- TASK GOAL
Restate word for word the lines of the listing below, from its first line through the line with "黄历:涵盖完整的传统黄历内容", without the pictures.

- INFORMATION PROVIDED
####################
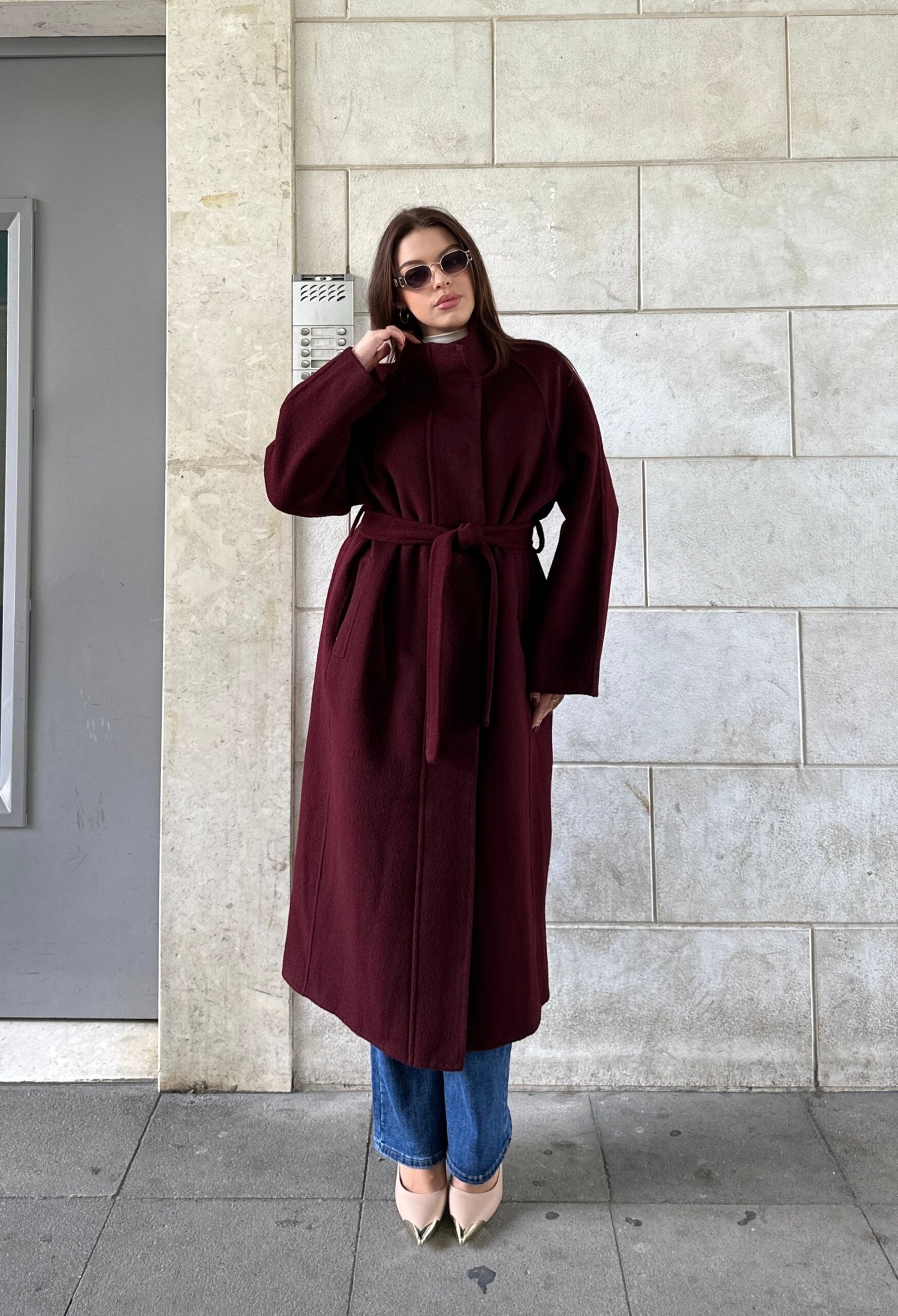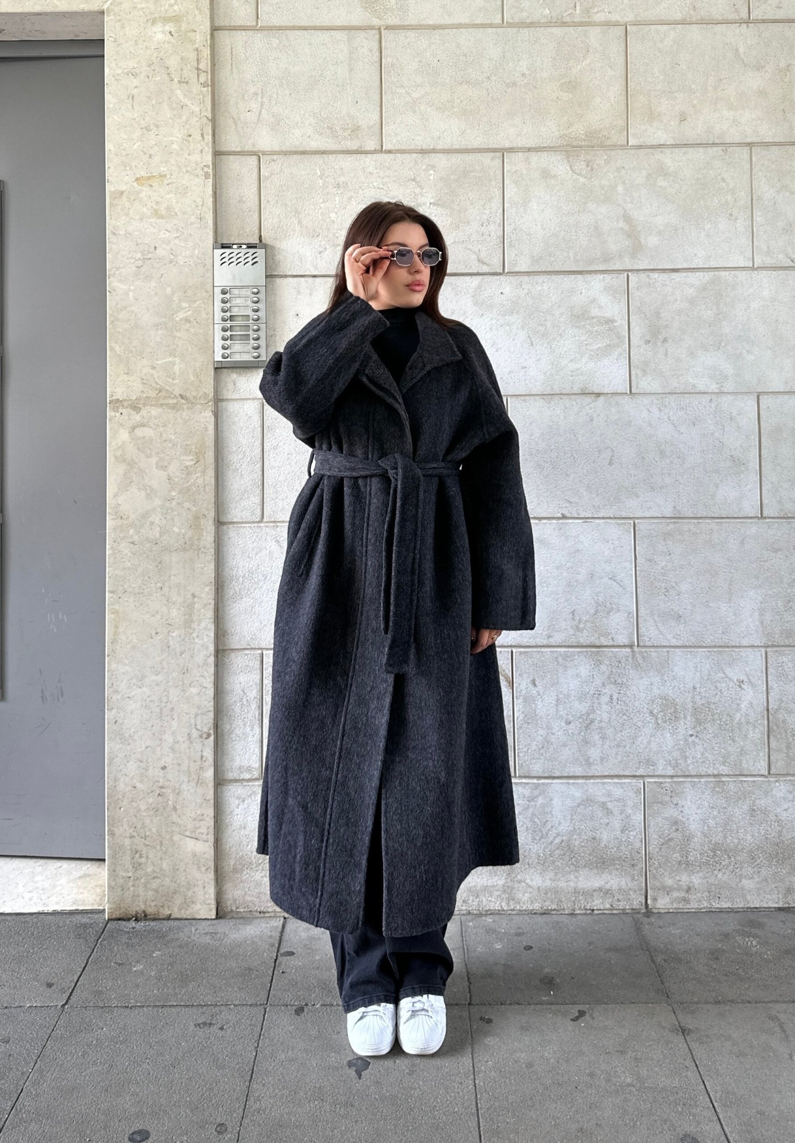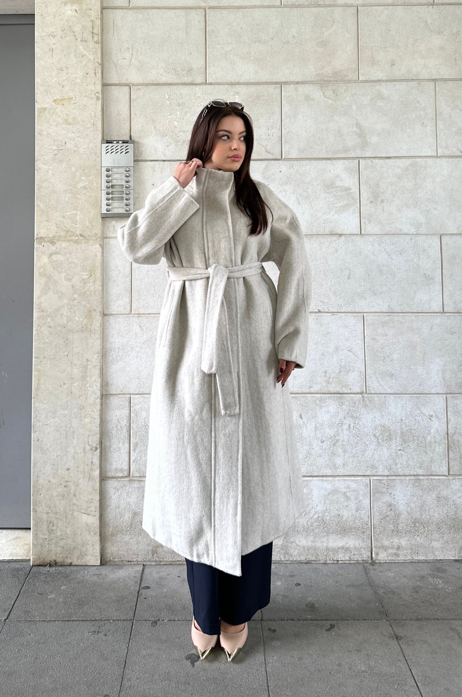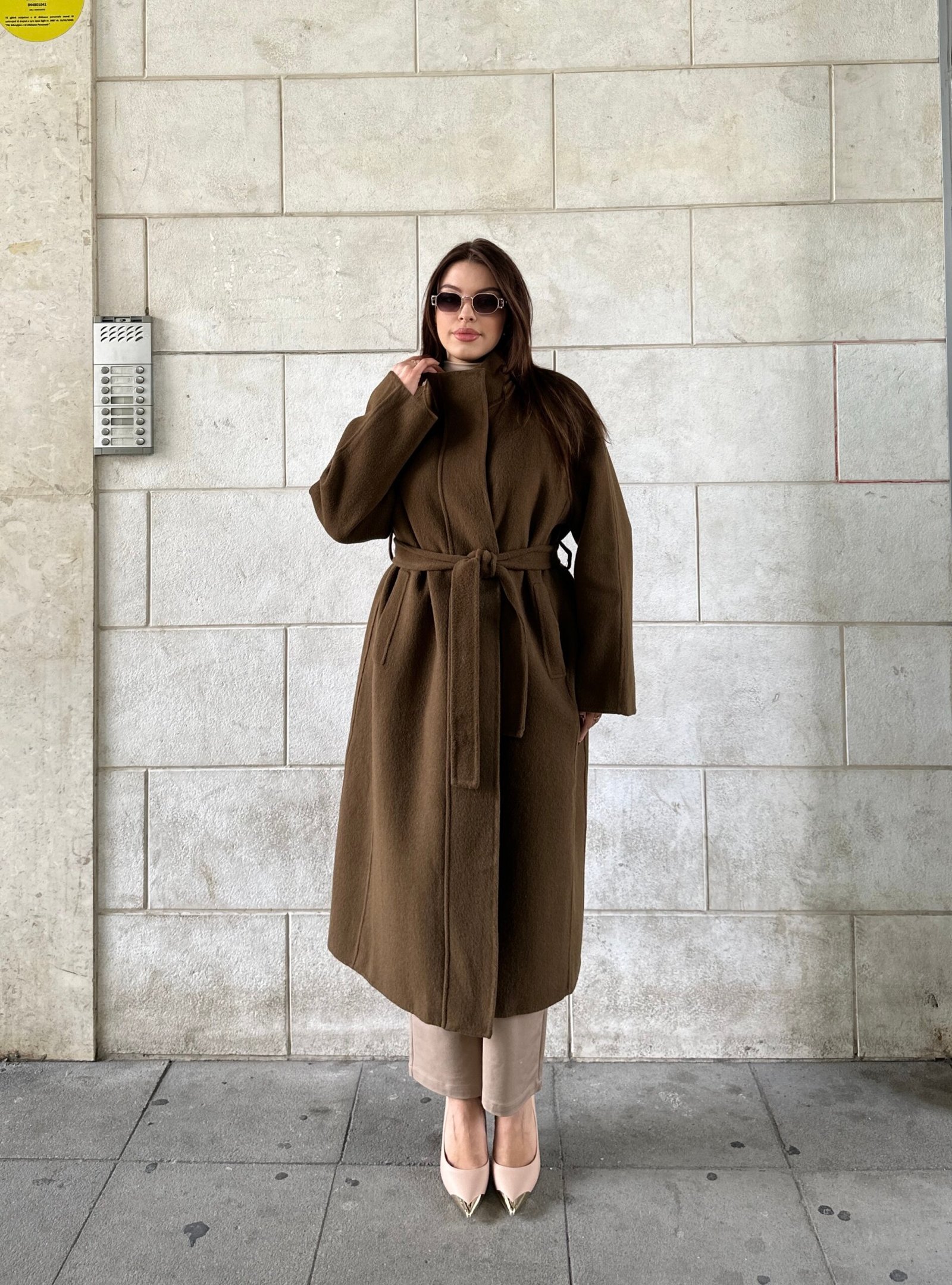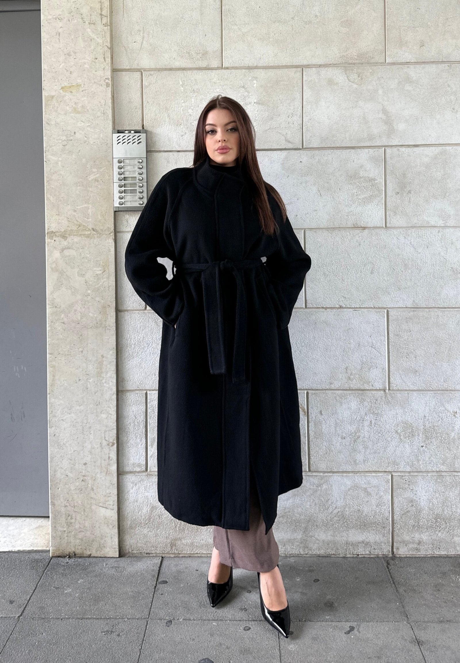 Pallto 100% wool, e punuar me material cilesor qe ofron ngrohtesi dhe rafinim ne cdo veshje. Me dizajn minimalist, prerje te gjate dhe rrip ne bel per nje forme te rregullt dhe femerore. Nje veshje perfekte per stinen e ftohte, duke kombinuar luksin, komoditetin dhe elegancen ne nje model te vetem.
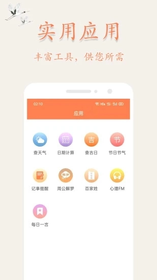 黄历:涵盖完整的传统黄历内容,清晰呈现农历节气的更替,每日的适宜与禁忌事项,吉神与凶神方位,天干地支及五行属性,还同步展示公历、农历等多种历法形式。
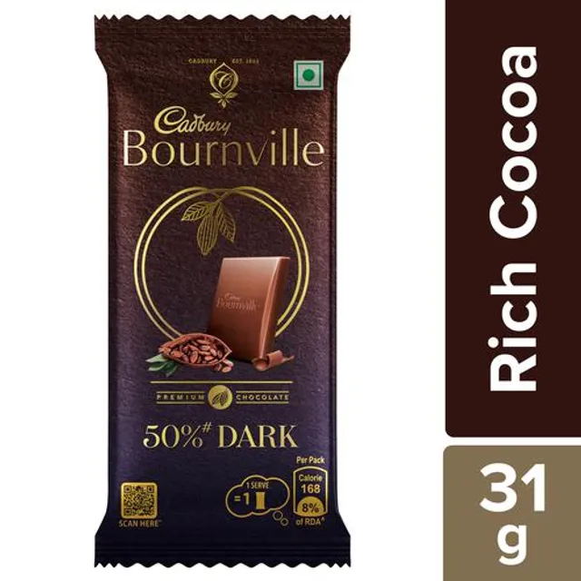 Cadbury Bournville is a premium dark chocolate that delivers an intense, fine, and indulgent experience to lovers of dark chocolate! Each Bournville dark chocolate bar is made from the finest cocoa sourced from some of the best places around the world, perfectly roasted for an intense taste. Dark chocolate with lower quantities of sugar is known for its health benefits. Cadbury Bournville is made from the finest ingredients that give you a rich, intense lingering taste. This dark chocolate pack is perfect to gift or to reward yourself with an immersive intense experience. Along with this 50% dark chocolate, also try other variants of Bournville chocolate – 70% dark, cranberry, and fruit & nut. Every chocolate box of Cadbury Bournville is made from 100% sustainably sourced cocoa. It is suitable for vegetarians.
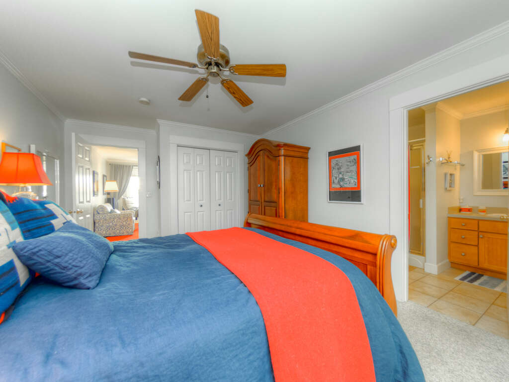 • Main level master suite with queen bed, private bath, and cozy sitting room with fireplace
####################
- RESULT OF THIS TASK
 Pallto 100% wool, e punuar me material cilesor qe ofron ngrohtesi dhe rafinim ne cdo veshje. Me dizajn minimalist, prerje te gjate dhe rrip ne bel per nje forme te rregullt dhe femerore. Nje veshje perfekte per stinen e ftohte, duke kombinuar luksin, komoditetin dhe elegancen ne nje model te vetem.
 黄历:涵盖完整的传统黄历内容,清晰呈现农历节气的更替,每日的适宜与禁忌事项,吉神与凶神方位,天干地支及五行属性,还同步展示公历、农历等多种历法形式。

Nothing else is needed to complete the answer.